La fin justifie les moyens

C’est toujours la même histoire. Quand je dépose mon pied pas trop marin sur un bateau, je tangue vers l’inconnu, vers une douce incertitude bénéfique. Je largue les mares de questionnements qui enrobent ma tête et m’embarque vers un autre quelque part. Avec une extase toute singulière.

Pourquoi? Parce que. Il y a toujours quelque chose qui attend de l’autre côté. Un oiseau, des tacos, des expériences et des petits picotements. Des choses comme ça.

La traversée s’inscrit sur la ligne du temps. Un point perdu entre le passé, le présent et l’avenir. Comme un caillou que l’on jette à la mer, en sachant qu’il va atteindre le fond, sans savoir à quel moment.

En attendant, le petit caillou jouit de l’eau qui caresse ses surfaces. Au cours des prochaines heures, j’aurai le temps de me la couler douce, et j’en suis très heureux. Fait du bien des fois de ne rien faire.

Labyrinthe

Un employé de Baja Ferries me pointe une minuscule salle qui semble être le point de départ d’un labyrinthe de tuyaux. Un souvenir surgit alors de ma mémoire. Dans les petits cahiers de jeux de mon enfance, j’ai toujours été plutôt incompétent pour trouver l’ultime issue des labyrinthes. J’aboutissais toujours dans un recoin, un cul-de-sac. Au premier essai, comme au vingt-huitième.

Je faisais disparaître le trait de crayon avec une efface dure et rose, créant ainsi un véritable brouillon, que je finissais par chiffonner en boule.

Je n’ai jamais compris pourquoi les effaces dures et roses existaient. Elles n’effacent pas, elles brouillent. Et les labyrinthes, eux, à quoi ils servent?

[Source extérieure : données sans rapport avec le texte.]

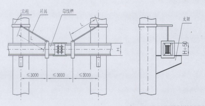 母線槽懸吊安裝母線檔吊式安裝兩安裝文架的距離不大于3m
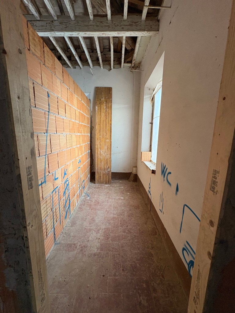 Qui siamo nella parte forte ed essenziale dell’appartamento: La cucina (foto a sinistra) e il bagno (foto a destra). Questo è come si presentano oggi 26 marzo 2026.
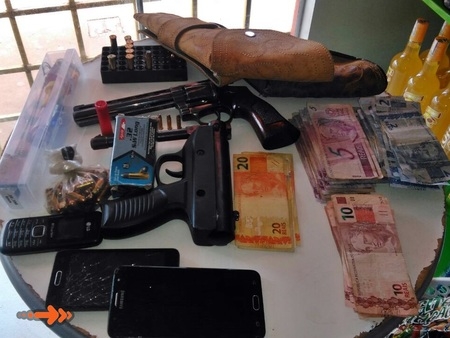 Em busca na conveniência a equipe policial acabou por encontrar munições dos calibres 32 (01 cartucho), 38 (2 cartuchos), 357 (6 cartuchos), 32 Aguila (30 cartuchos), uma pistola de ar comprimido sem marca modelo ou numeração, dois coldres, um revolver calibre 22 LR, municiado com seis cartuchos, além de 30 cartuchos de calibre 380, o mesmo utilizado no atentado a residência do Jornalista José Pereira do Site Sidrolândia News, ocorrido na madrugada de segunda-feira (12).
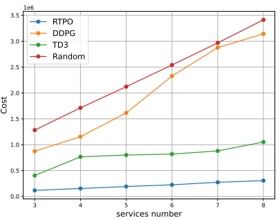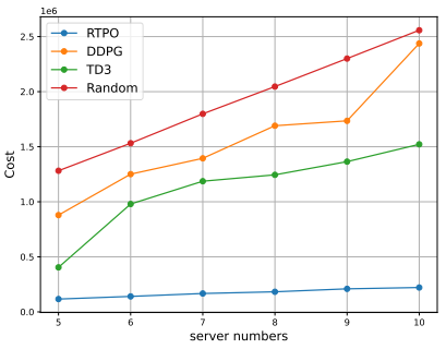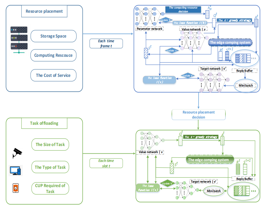 本文中,我們考慮了邊緣計算系統(tǒng)中的動態(tài)的服務(wù)放置和任務(wù)卸載問題,這一問題具有挑戰(zhàn)性??紤]到不同服務(wù)的異構(gòu)性和邊緣服務(wù)器有限的存儲空間和計算資源,為了在長期內(nèi)最小化服務(wù)成本,采取了不同的時間尺度來分別處理服務(wù)放置和任務(wù)卸載。我們提出了一種基于P-DQN和D3QN強(qiáng)化學(xué)習(xí)的RTPO算法,通過該算法可以動態(tài)地處理服務(wù)放置和任務(wù)卸載問題。此外,通過模型實驗分析了影響算法收斂性的參數(shù),并通過與基準(zhǔn)算法的比較,驗證了該方法的有效性。
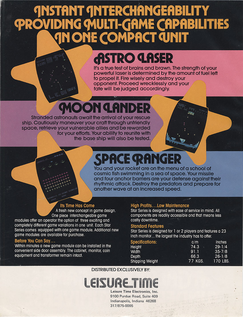 Moon Lander (bootleg of Lunar Rescue) is a black&white game. Read story at: http://pineconeattack.com/2009/08/18/moonlander-cocktail-cab/ and at KLOV: http://www.arcade-museum.com/game_detail.php?game_id=8746 MAME source says: "Leisure Time Electronics produced three games: Astro Laser, Moon Lander, and Space Ranger. The games were designed to be interchangeable with a universal cocktail cabinet which they designed and named "Star Series". The cocktail cabinets share the same artwork with all three games and has a different instruction card for each game. There were no upright or cabaret cabinets." |

J’adosse mon vélo sur un gros tuyau et me lance dans le labyrinthe d’escaliers qui aboutit sur le pont extérieur. Miraculeusement, je ne me perds pas. Ça tombe bien, je n’ai pas le goût de m’effacer.

Là, j’y rejoins des passagers immobiles, les yeux fixés au rivage. Je fais la gaffe de m’infiltrer aux côtés d’un petit couple de Français habillés pareil. Petite culotte bleue pour lui, petite culotte bleue pour elle. Petit chandail gris pour elle, petit chandail gris pour lui.

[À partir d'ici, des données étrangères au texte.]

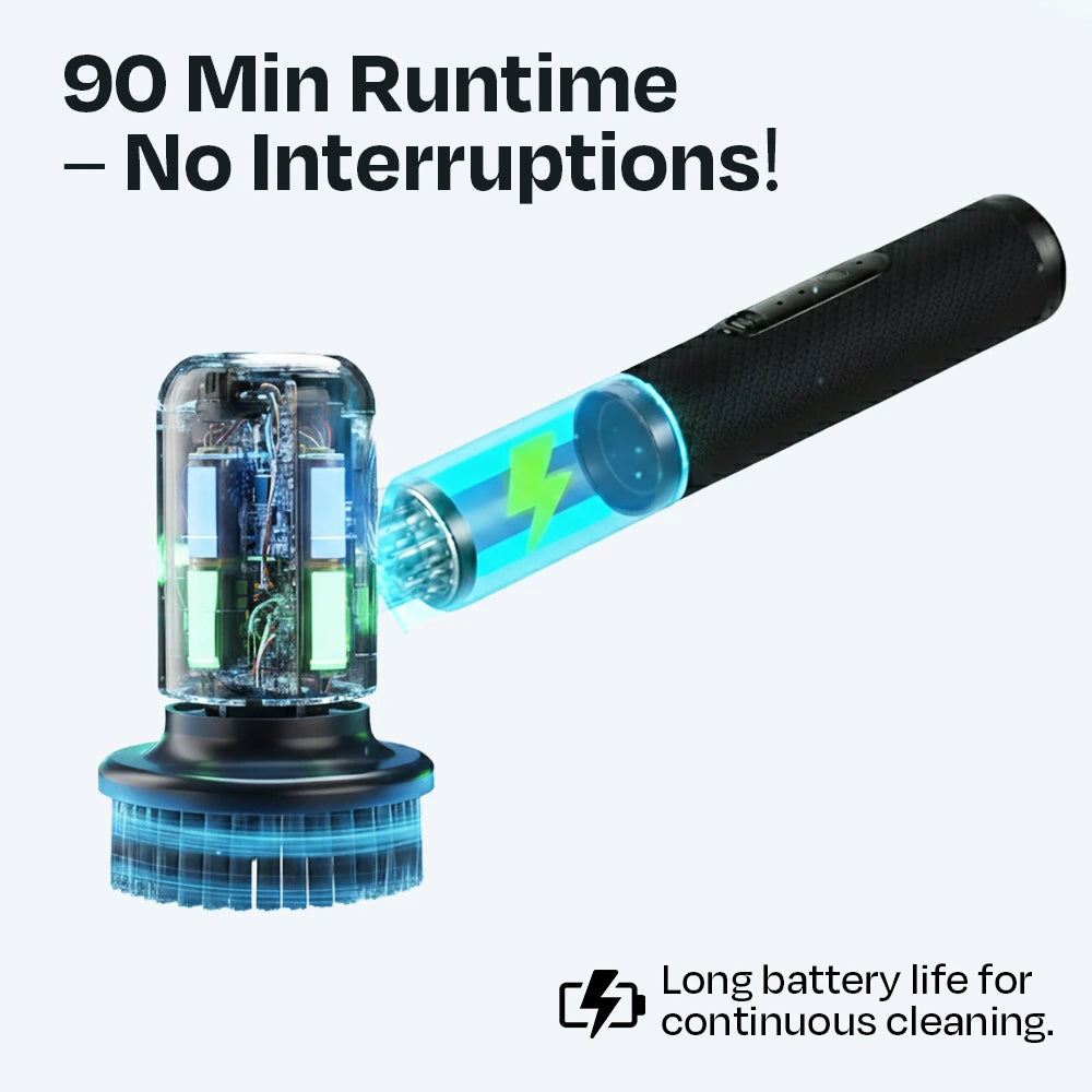 Cleaning is faster and easier with the scrubber. Its powerful spinning brushes do the hard work while you guide it, reducing strain on hands, arms, knees, and back. From home floors to bathroom tiles and car surfaces, it saves time, effort, and keeps every space spotless.

J’essaie, par tous les moyens, de les trouver «cutes». En vain. Ils m’énervent. Je ne suis pourtant pas en position de juger qui que ce soit. J’ai les cheveux hirsutes, les shorts sales et les doigts tout noirs. Et comme dirait ma sœur, je sens «l’odeur».

Je troque les petits Français pour une couple de Tecate, dans le bar du bateau. Une grosse boule-miroir flotte au-dessus de ma tête. Ça fume. Je suis le seul touriste.

Il y a de la neige dans la télé, qui diffuse un clip d’un chanteur mexicain. Je ne parle à personne, sauf au barman, toutes les dix ou douze minutes. Je sors quand la lumière semble s’évanouir à l’horizon. Je ne me pardonnerais jamais de regarder un clip médiocre en espagnol, pendant que le soleil se met au lit, dans une couette rosée, apaisante.

Je m’endors en boule entre deux sièges. Je me réveille souvent. Puis me rendors. Puis me réveille encore. Je lis, je marche, je m’étire. Puis me rendors en boule. Devant moi, une jeune mère berce son nouveau-né, mignon comme ce n’est pas permis.

J’attends qu’il ferme l’œil, pour la forme. Pour me sentir utile. Et me mets à ronfler, comme ce n’est pas permis. Je le sais. À cause de la face du gars d’à côté.

Bouffe et fluides

Le prix du billet comprend deux repas. Ou plutôt, deux amalgames d’aliments dont la fonction première est d’offrir de l’énergie à un individu. Sans goût, sans texture, sans même un peu de style. On dirait de la pâte à modeler grise et beige. Je suis loin d’être «difficile» côté alimentaire. Même que je mange de tout, à mon plus grand plaisir. Mais là, j’ai un drôle de feeling.

Le bateau approche de Mazatlán, sous un soleil brûlant d’envie de me faire rougir. Sans consulter de carte, je me lance dans les rues avoisinantes au port. Je tourne à droite, à gauche, reviens sur mes pas, continue. Fait du bien de sentir la route. Fait du bien de fouler une nouvelle ville.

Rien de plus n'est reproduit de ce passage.